Since I wrote that review, I've become a bit more skeptical of Mr. Kunstler. I refer to the quote below:

"People will consequently suffer. I don’t know how much. Some people may lose their lives - but more likely at the hands of a disabled medical establishment than because of civil disorder, loss of power, starvation, bad water, or other projected horrors (though these, too, are possible). Some will suffer the loss of fortunes, some of any income whatsoever, and many of something in between. Quite a few will find themselves suddenly without an occupation, and few ideas about how to make themselves useful to other people (without occupations themselves). Many will suffer a loss of comfort and modern convenience, and if that goes on any longer than a week, it may escalate into serious problems of public sanitation and infectious disease."
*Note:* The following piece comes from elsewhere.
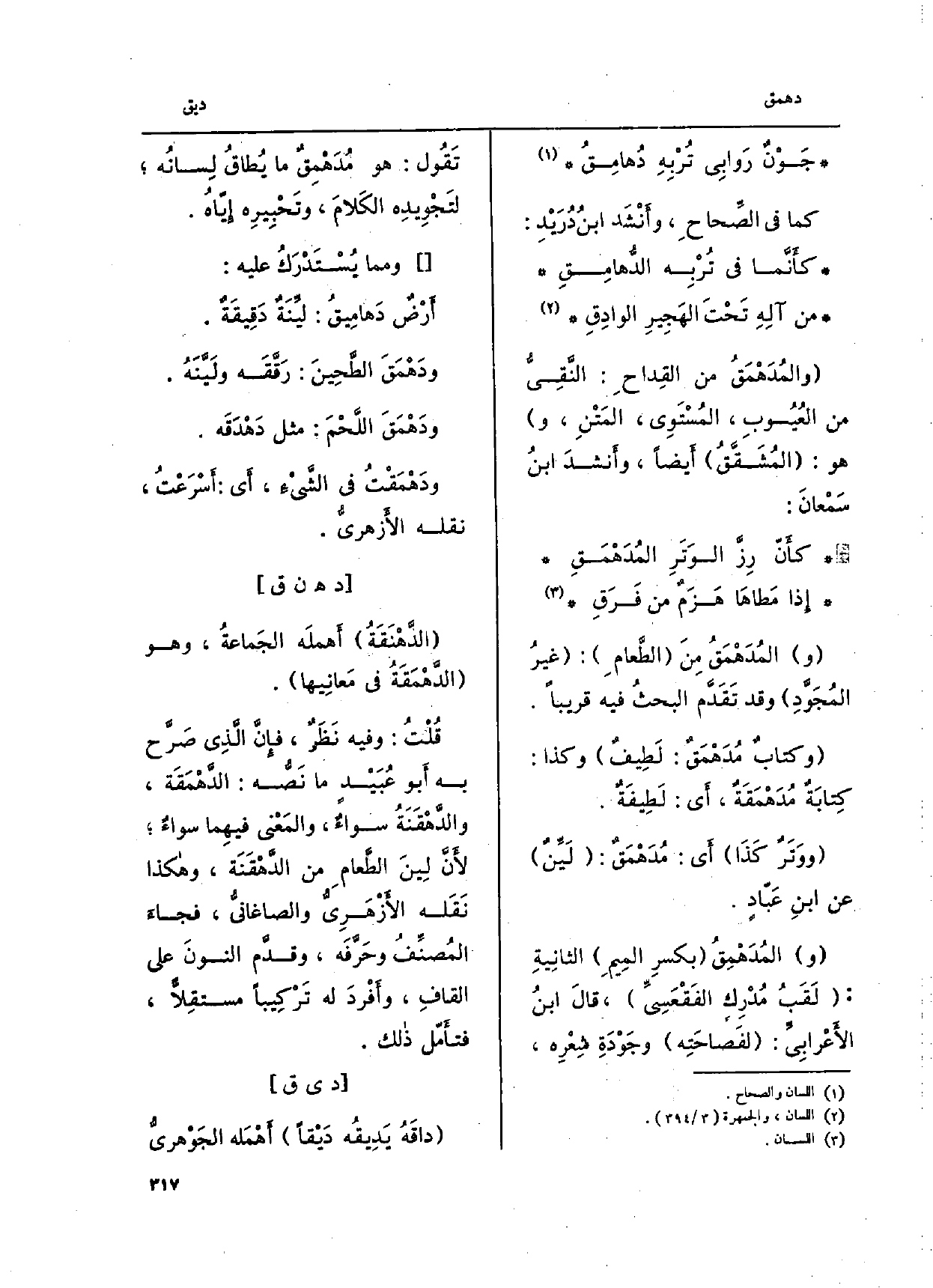 كأنّ رِزَّ الوَتَرِ المُدَهْمَقِ إِذا مَطاهَا هَزَمٌ من فَرَقِ والمُدَهْمَقُ مِنَ الطَّعام: غيرُ المُجَوَّدِ وَقد تَقَدَّم البحثُ فِيهِ قَرِيبا. وكتابٌ مُدَهْمَقٌ: لَطِيفٌ وَكَذَا: كِتابَةٌ مُدَهْمَقَةٌ، أَي: لَطِيفَةٌ. ووَتَرٌ كَذَا أَي: مُدَهْمَقٌ: لَيِّنٌ عَن ابنِ عَبّادٍ. والمُدَهْمِقُ بكسرِ المِيم الثانِيةِ: لَقَبُ مُدْرِك الفَقْعَسِيِّ، قالَ ابنُ الأعْرابي: لفَصاحَتِه وجَوْدَةِ شِعْرِه، تقَول: هُوَ مُدَهْمِقٌ مَا يُطاقُ لِسانُه، لتَجْوِيدِه الكَلامَ، وتَحْبِيرِه إيّاهُ. وَمِمَّا يُسْتَدْرَكُ عَلَيْهِ: أَرْضٌ دَهامِيقُ: ليَّنَةٌ دَقِيقَة.

Of course the opening line to the above paragraph is:

"...Y2K is real. Y2K is going to rock our world."

He was spouting all the same stuff about the need to re-localize just a few years ago.

The man is snake oil with a great style. If we do end up with an energy crisis it will be caused by the usual culprit, politics.

You may want to trust me on this one. I suspect I am a lot older than you. Just out of the Army, in the early 70's, I sat in line at the gas station during the first oil crisis and we know that wage and price controls had a lot to do with that. Of course, I can probably rustle up a WIN button if I need to.

For a more exhaustive take on JHK you may want to visit Peak Oil Debunked.

1 comment:

Anonymous said...

^^WTF? blogger needs a wanker filter.

My favorite part of Kuntsler is his architectural eyesore comments.